From: David Eichmann <dav...@well-typed.com>
Sent: 02 July 2020 16:25
To: Simon Peyton Jones <simo...@microsoft.com>; ghc-devs@haskell.org
Subject: Re: Perf notes


Hello,

So CI metrics are being pushed again, good. The immediate issue was perf test 
T9803. I've looked at metrics across all CI test environments and the last 300 
commit on master. Metric looks stable. I've attached the output of: `python3 
./testsuite/driver/perf_notes.py --chart T9203.html --ci --test-name T9203  
origin/master~300..origin/master`.

Simon, you are on windows, correct? If so the result you posted is using the 
"x86_64-linux-deb9" environment as a baseline when it should be using "x86_64" 
which is much closer to the result you're getting.

> So it's just an implementation detail whether the numbers you save are gotten 
> from one run, or another identical one.
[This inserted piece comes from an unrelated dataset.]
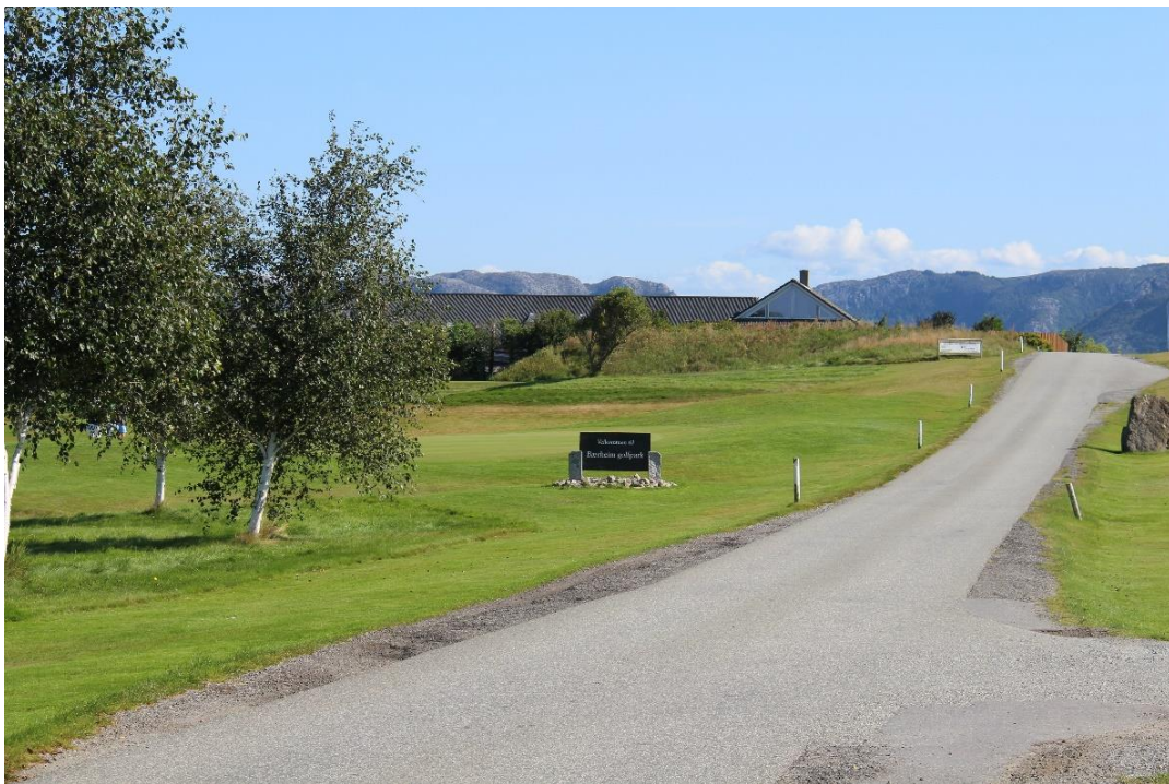
Bilde: Velkommen til Bærheim Golfpark og Sandnes Golfklubb en vakker sommerdag

Årsmøtet vedtar at medlemskontingenten er kr. 1080,- for voksen og kr. 495,- for barn og ungdom, i 2025

For the most part yes, but since we usually rebase and batch commit with marge 
bot, we are really creating a new commit. So it makes some sense to rerun CI.
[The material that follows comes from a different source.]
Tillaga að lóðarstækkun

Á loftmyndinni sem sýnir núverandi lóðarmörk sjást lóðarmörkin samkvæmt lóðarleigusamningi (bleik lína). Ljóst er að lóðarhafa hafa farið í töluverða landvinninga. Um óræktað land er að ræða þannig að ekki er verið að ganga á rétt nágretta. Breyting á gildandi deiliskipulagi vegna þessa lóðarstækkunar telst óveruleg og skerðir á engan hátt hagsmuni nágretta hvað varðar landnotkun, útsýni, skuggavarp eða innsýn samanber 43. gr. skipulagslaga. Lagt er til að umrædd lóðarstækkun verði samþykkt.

> The CI log tells you the comparison between the preceding commit and this one

I'd love for this to be the behavior too. The problem is, most of the time we 
don't have the metrics for the parent commit, and generating them is expensive. 
We could automatically checkout / build the previous commit and run perf tests, 
but this doesn't seem like good design. That's why we've resorted to searching 
for "most recent" local or CI metrics to establish an approximate baseline. 
Requiring the developers to always run perf tests locally on the previous 
commit will be extremely annoying. Another option is to just disable perf tests 
by default.

It's not satisfying but it's hard to think of a better solution. I think the 
current implementation is still more convenient than before, where baselines 
were just hard coded into test files. If you wanted to investigate a particular 
commit, you had to manually establish a baseline. Perhaps the problem with this 
new system is that it's a bit too "magical" and it's unclear how to interpret 
results. Perhaps this can be remedied with better output form the test runner.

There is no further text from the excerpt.